Картина в целом была умилительной, учитывая тот факт, что все три девочки-красавицы были одеты в одинакового кроя васильковые платья, и прически у них у всех тоже были одинаковые — хвостики с синими ленточками! Однако, фэмили-лук, как сказали бы хипстеры в благословенном (или проклятом?) первом веке третьего тысячелетия. Нынче, в восьмидесятые, выразились бы, скорее всего, по-другому: "Что вы все такие одинаковые, как детдомовские?" По крайней мере, в Дубровице — точно. У нас в Дубровице — целых три интерната на данный момент, так что фольклор в этом плане здорово обогатился. На самом деле мне было плевать, что там кто скажет: мне эти девочки очень нравились, особенно — самая старшая.
Таисия как раз посматривала на меня своими блестящими зелеными глазами, и я понять не мог — она со мной заигрывает или пытается понять мужскую реакцию на её такой несерьезный внешний вид?
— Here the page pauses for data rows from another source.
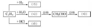 그림은 에텐(C2H4)과 관련된 반응을 나타낸 것이다.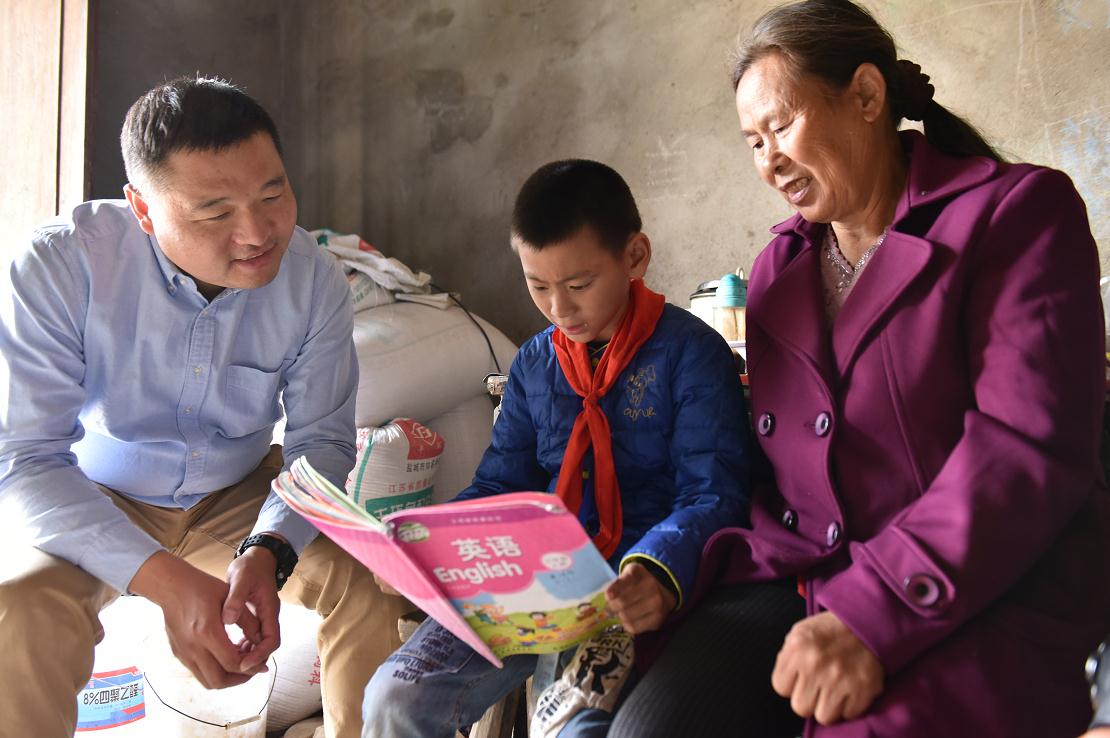 江蘇省鹽城市阜寧縣東溝中心小學(xué)三年級學(xué)生單澤華常年與奶奶一起生活,家里非常困難。在東溝鎮(zhèn)嵩乳村幫扶的鹽城市食品藥品監(jiān)管局干部沈剛(左一)多方籌集資金,幫扶這個(gè)家庭,并經(jīng)常關(guān)心孩子的學(xué)習(xí)和生活。蔣曉鵬 攝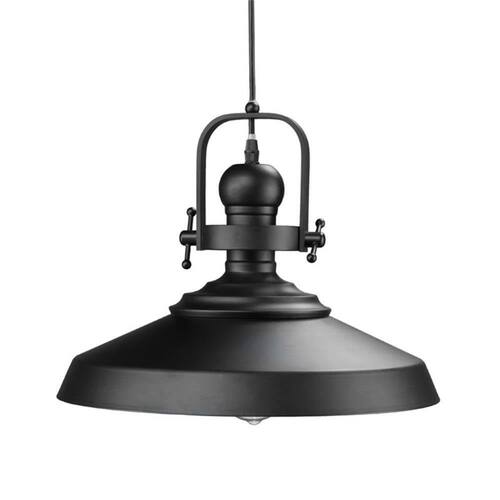 Ilumine qualquer ambiente com a sofisticação prática desta luminária pendente empilhada de abas largas. Um interior branco brilhante deixa a lâmpada LED Edison brilhar, enquanto um acabamento suave em preto fosco cria uma elegância nostálgica. Pendure esta luminária pendente de sino para completar uma vinheta de canto ou centralizar sua sala de estar com uma declaração industrial sutil. Recomenda-se a instalação por eletricista profissional. Características: acabamento: preto fosco Dossel: 1 “A x 4,75" L x 4,75" D Material: aço Lâmpada incluída: tipo ST64, 120 V, 4 W, 8000 horas. Vida útil Grande e empilhada Saída de luz: 292 lúmens Matching Canopy A tonalidade simples destaca a silhueta única O interior branco brilhante aprimora a luz. Cabo ajustável com até 5 pés de altura suspensa. Eficiente em energia, lâmpada LED de filamento aberto incluída. Lâmpada Edison brilha com luz suave e quente Listado pela UL Tipo de instalação: Com fio Especificações: Dimensões do produto: 11,5 “A x 15,5” L x 15,5” D Peso do produto: 5 libras

В любом случае — стройные ножки из-под короткого платьица и загадочные взгляды из-под чёлки натуральным образом сводили меня с ума.
— А это нормально, что они так верещат в полдесятого вечера? — уточнил я, когда две сестрички, накатавшись до одури на качелях, оседлали балансир.
Децибелы и вправду зашкаливали, девчата поймали смешинку, и кажется, теперь их веселило буквально всё: взлет, приземление, скрип качели-балансира, даже просто — брошенный друг на друга взгляд.
— Нормально! Пусть пар выпустят, может спать крепче будут? — произнесла заговорщицким тоном Таисия и вдруг подмигнула — совсем как девчонка!
В общем, примерно через час Васька и Аська напрыгались, набегались и налазились до последней крайности, и едва переставляли ноги, и хихикали уже очень-очень тихо. Возвращались в корпус мы часам к одиннадцати ночи, что вызвало свирепые взгляды консьержки: ногами топаем, дверями хлопаем, режим нарушаем! Ай-яй-яй!
Пока маленькие уставшие девочки чистили зубы и мыли руки-ноги, я восседал в кресле с газеткой: читал авторскую колонку нового главреда "Комсомолки" Ваксберга. Слог у него был отличный, и писал он о вещах правильных. Мол, если мы проблему замалчиваем, прячем под спуд — то ничего не изменится. Не напишем мы — разнесет сарафанное радио, многократно приукрасив и переврав, расскажет «Голос Америки» или «ВВС», искажая факты и подбирая их тенденциозно. Советская журналистика служит советскому государству и трудовому народу, а потому просто обязана озвучивать конструктивную критику и подсвечивать болевые точки общества. «Верю — новому руководству Советского государства хватит смелости идти навстречу ветру, смотреть в лицо неприятностям, и решать острые проблемы, не скрывая сложные решения от общественности. А мы — советские журналисты — поддержим и поможем...» И далее, тем же высоким штилем. В духе «царь хороший бояре плохие». Мол, перегибы на местах, непрофессионализм, местничество, крохоборство и халатность — это кровоточащие раны на теле молодого государства рабочих и крестьян… Ваксберг умел писать тонко и убедительно — по крайней мере, меня проняло.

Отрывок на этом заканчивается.